As discussed above, dietary iodine is required for the synthesis of T3 and T4. But for much of the world’s population, foods do not provide adequate levels of this mineral, because the amount varies according to the level in the soil in which the food was grown, as well as the irrigation and fertilizers used. Marine fish and shrimp tend to have high levels because they concentrate iodine from seawater, but many people in landlocked regions lack access to seafood. Thus, the primary source of dietary iodine in many countries is iodized salt. Fortification of salt with iodine began in the United States in 1924, and international efforts to iodize salt in the world’s poorest nations continue today.

Dietary iodine deficiency can result in the impaired ability to synthesize T3 and T4, leading to a variety of severe disorders. When T3 and T4 cannot be produced, TSH is secreted in increasing amounts. As a result of this hyperstimulation, thyroglobulin accumulates in the thyroid gland follicles, increasing their deposits of colloid. The accumulation of colloid increases the overall size of the thyroid gland, a condition called a goiter (Figure 17.4.3). A goiter is only a visible indication of the deficiency. Other iodine deficiency disorders include impaired growth and development, decreased fertility, and prenatal and infant death. Moreover, iodine deficiency is the primary cause of preventable mental retardation worldwide. Neonatal hypothyroidism (cretinism) is characterized by cognitive deficits, short stature, and sometimes deafness and muteness in children and adults born to mothers who were iodine-deficient during pregnancy.

 
Figure 17.4.3: Goiter. (credit: “Almazi”/Wikimedia Commons)
In areas of the world with access to iodized salt, dietary deficiency is rare. Instead, inflammation of the thyroid gland is the more common cause of low blood levels of thyroid hormones.

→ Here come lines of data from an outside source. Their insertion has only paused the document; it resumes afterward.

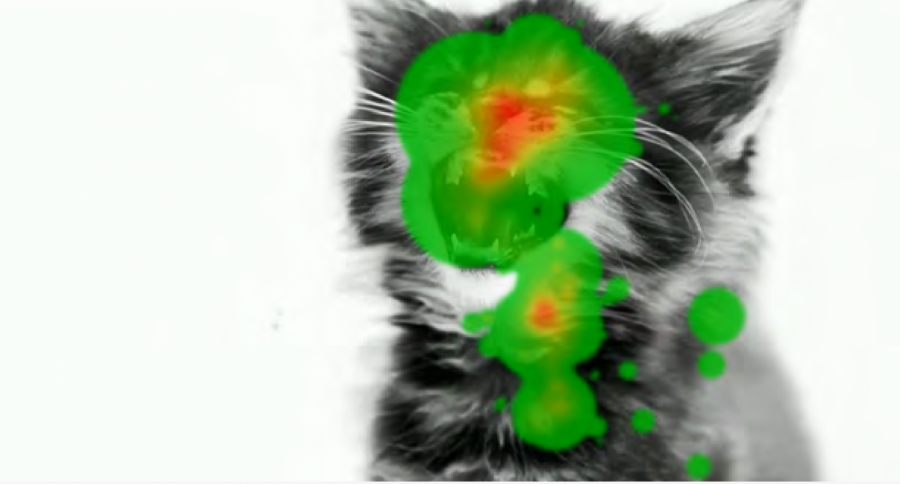 Несмотря на небольшие размеры логотипа, он привлекает внимание с самого первого появления, оставаясь в фокусе внимания даже когда зритель следит за игрой котёнка, его прыжками. Хотя известно, что неподвижные объекты, да ещё не несущие яркой эмоциональной реакции, привлекают внимание меньше.
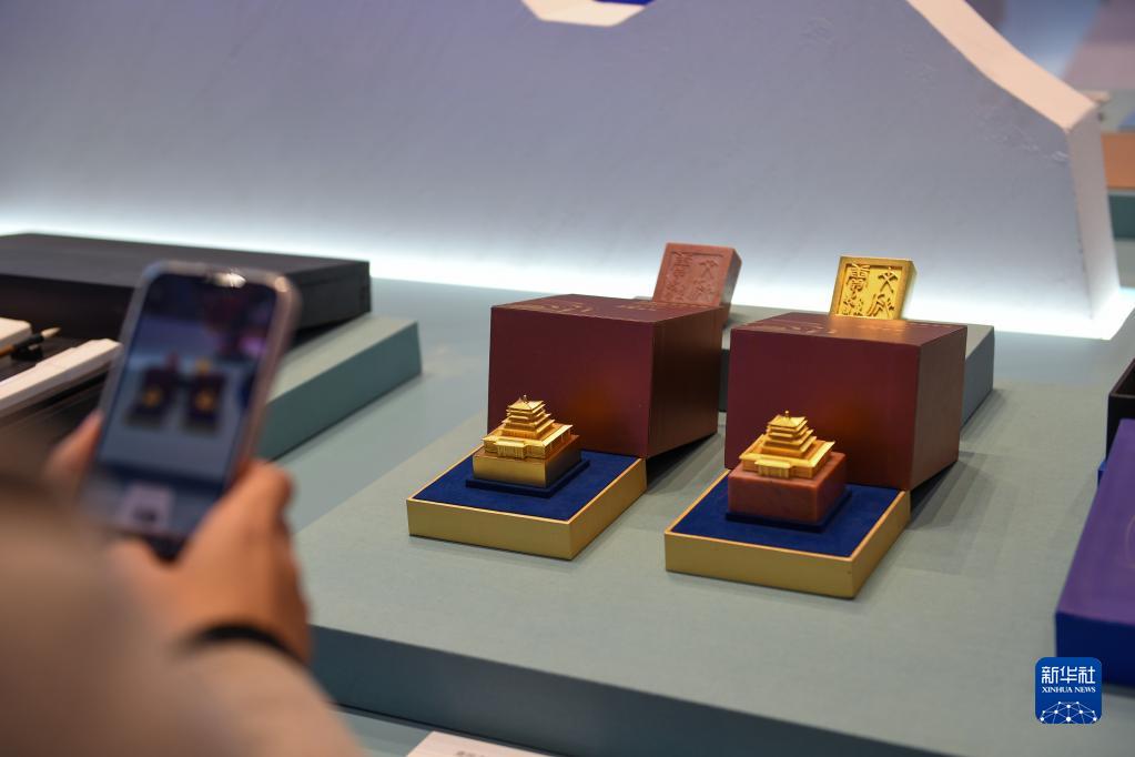 12月29日,参观者在中国国家版本馆展区拍摄文创产品。
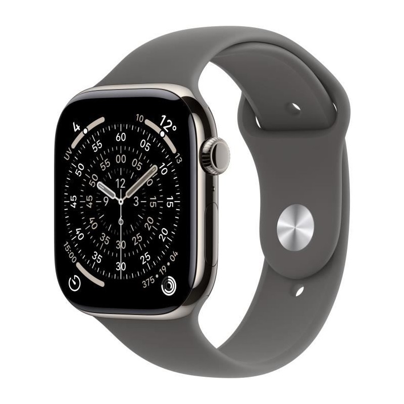 Apple Watch Series 11 GPS + Cellular - 46mm - Boîtier Natural Titanium - Bracelet Stone Grey Sport Band - M/L
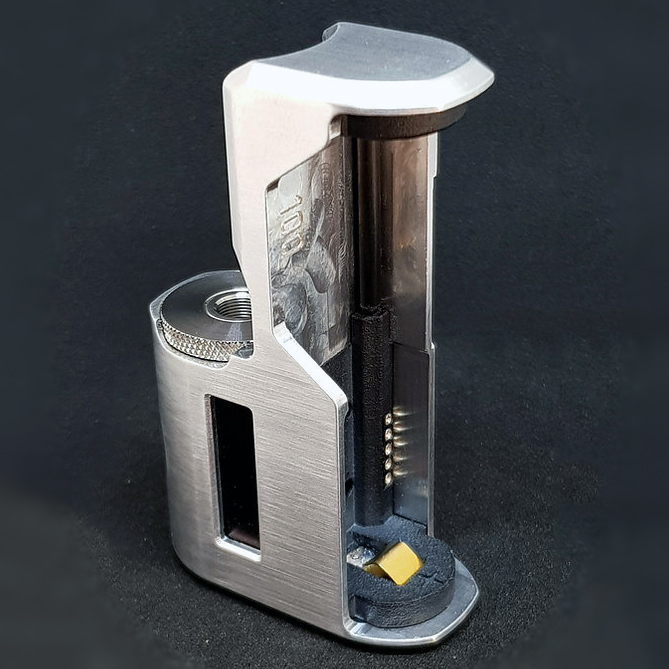 За тонкими алюминиевыми стенками трудится плата от Evolv — DNA60. Мощность на выходе может достигать значения в 60 ватт. При необходимости можно переключиться на температурный контроль либо bypass. Диапазон сопротивления составляет от 0,1 до 3,0 Ом. За питание отвечает внешняя батарея формата 18650. Предусматривается съемный USB-порт, однако, он предназначается исключительно для обновления прошивки платы.

Called hypothyroidism, the condition is characterized by a low metabolic rate, weight gain, cold extremities, constipation, reduced libido, menstrual irregularities, and reduced mental activity. In contrast, hyperthyroidism—an abnormally elevated blood level of thyroid hormones—is often caused by a pituitary or thyroid tumor. In Graves’ disease, the hyperthyroid state results from an autoimmune reaction in which antibodies overstimulate the follicle cells of the thyroid gland. Hyperthyroidism can lead to an increased metabolic rate, excessive body heat and sweating, diarrhea, weight loss, tremors, and increased heart rate. The person’s eyes may bulge (called exophthalmos) as antibodies produce inflammation in the soft tissues of the orbits. The person may also develop a goiter.

Calcitonin

The thyroid gland also secretes a hormone called calcitonin that is produced by the parafollicular cells (also called C cells) that stud the tissue between distinct follicles. Calcitonin is released in response to a rise in blood calcium levels. It appears to have a function in decreasing blood calcium concentrations by:

  • Inhibiting the activity of osteoclasts, bone cells that release calcium into the circulation by degrading bone matrix
  • Increasing osteoblastic activity
  • Decreasing calcium absorption in the intestines
  • Increasing calcium loss in the urine

However, these functions are usually not significant in maintaining calcium homeostasis, so the importance of calcitonin is not entirely understood. Pharmaceutical preparations of calcitonin are sometimes prescribed to reduce osteoclast activity in people with osteoporosis and to reduce the degradation of cartilage in people with osteoarthritis. The hormones secreted by thyroid are summarized in Table.

Thyroid Hormones
Associated hormones Chemical class Effect
Thyroxine (T4), triiodothyronine (T3) Amine Stimulate basal metabolic rate
Calcitonin Peptide Reduces blood Ca2+ levels

Of course, calcium is critical for many other biological processes. It is a second messenger in many signaling pathways, and is essential for muscle contraction, nerve impulse transmission, and blood clotting. Given these roles, it is not surprising that blood calcium levels are tightly regulated by the endocrine system. The organs involved in the regulation are the parathyroid glands.

Chapter Review

The thyroid gland is a butterfly-shaped organ located in the neck anterior to the trachea. Its hormones regulate basal metabolism, oxygen use, nutrient metabolism, the production of ATP, and calcium homeostasis. They also contribute to protein synthesis and the normal growth and development of body tissues, including maturation of the nervous system, and they increase the body’s sensitivity to catecholamines. The thyroid hormones triiodothyronine (T3) and thyroxine (T4) are produced and secreted by the thyroid gland in response to thyroid-stimulating hormone (TSH) from the anterior pituitary. Synthesis of the amino acid–derived T3 and T4 hormones requires iodine. Insufficient amounts of iodine in the diet can lead to goiter, cretinism, and many other disorders.

Review Questions

Q.  Which of the following statements about the thyroid gland is true?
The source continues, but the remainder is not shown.